Specify the estimation methods for Parametric Distribution Analysis (Right Censoring)

Stat > Reliability/Survival > Distribution Analysis (Right Censoring) > Parametric Distribution Analysis > Estimate
Estimation Method
  • Maximum Likelihood: Estimate the distribution parameters by maximizing the likelihood function.
  • Least Squares (failure time(X) on rank(Y)): Estimate the distribution parameters by fitting a regression line to the points on a probability plot.

For more information on these two methods, go to Least squares estimation method and maximum likelihood estimation method.

Assume common shape (slope-Weibull) or scale (1/slope-other dists)
Select to estimate the parameters using a common shape or scale parameter for the distribution. For information on how this assumption affects the estimation method, go to Least squares estimation method and maximum likelihood estimation method and click "Assume common shape or scale parameters for parametric distribution analysis".
Bayes Analysis
Note

If you have few or no failures in your data, you may want to use the Bayes analysis options to specify historical distribution parameters and obtain confidence intervals for your results. For more information, go to How to perform a reliability analysis with few or no failures.

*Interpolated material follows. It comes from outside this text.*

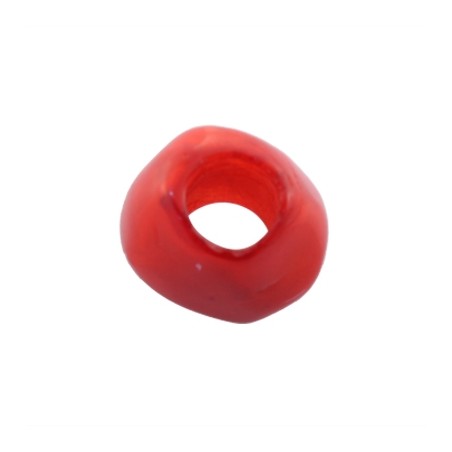 - Bola achatada de resina en color rojo. - Tamaño de 9 a 12 milímetros. - Taladro 5.5 milímetros. - Base plana y forma irregular. - El precio es por bolsa y la bolsa incluye dos unidades.

Set shape (slope-Weibull) or scale (1/slope-other dists) at
To estimate other model coefficients while keeping the shape or scale parameter fixed, enter one value to use as the shape or scale parameter for all the response variables, or enter a number of values that is equal to the number of response variables.
Set threshold at
To estimate other model coefficients while keeping the threshold parameter fixed, enter one value to use for the threshold parameter for all the variables, or enter a list of values that are equal to the number of response variables. Do not enter a threshold parameter if the distribution that you selected does not have a threshold parameter. If the distribution has a threshold parameter, and you do not enter a value, Minitab estimates the threshold parameter.
Estimate percentiles for these additional percents
Enter the percents for which you want to estimate percentiles. A percent for a percentile is the percentage of items that are expected to fail by a particular time (percentile). Therefore, each value that you enter must be between 0 and 100 and should indicate the percentage of items that will fail. The nth percentile has n% of the observations below it, and (100 – n)% of observations above it.
Estimate probabilities for these times (values)
Enter one or more times or a column of times for which you want to calculate survival probabilities or cumulative failure probabilities.
  • Estimate survival probabilities: Estimate the proportion of units that survive beyond a given time. Use these values to determine whether your product meets reliability requirements or to compare the reliability of two or more designs of a product. For more information, go to What is the survival probability?
  • Estimate cumulative failure probabilities: Estimate the likelihood that units fail before a given time. The cumulative failure probability is 1 minus the survival probability.
Confidence level

Enter a confidence level between 0 and 100. Usually a confidence level of 95% works well. A 95% confidence level indicates that you can be 95% confident that the interval contains the true population parameter. That is, if you collected 100 random samples from the population, you could expect approximately 95 of the samples to produce intervals that contain the actual value for the population parameter (if all the data could be collected and analyzed).

A lower confidence level, such as 90%, produces a narrower confidence interval and may reduce the sample size or testing time that is required. However, the likelihood that the confidence interval contains the population parameter decreases.

A higher confidence level, such as 99%, increases the likelihood that the confidence interval contains the population parameter. However, the test may require a larger sample size or a longer testing time to obtain a confidence interval that is narrow enough to be useful.

Confidence intervals

From the drop-down list, indicate whether you want Minitab to display a two-sided confidence interval (Two-sided) or a one-sided confidence interval (Lower bound or Upper bound). A one-sided interval generally requires fewer observations and less testing time to be statistically confident about the conclusion. Many reliability standards are defined in terms of the worst-case scenario, which is represented by a lower bound.

Note

You can only specify a confidence level and calculate confidence intervals when you select Maximum Likelihood from Estimation Method.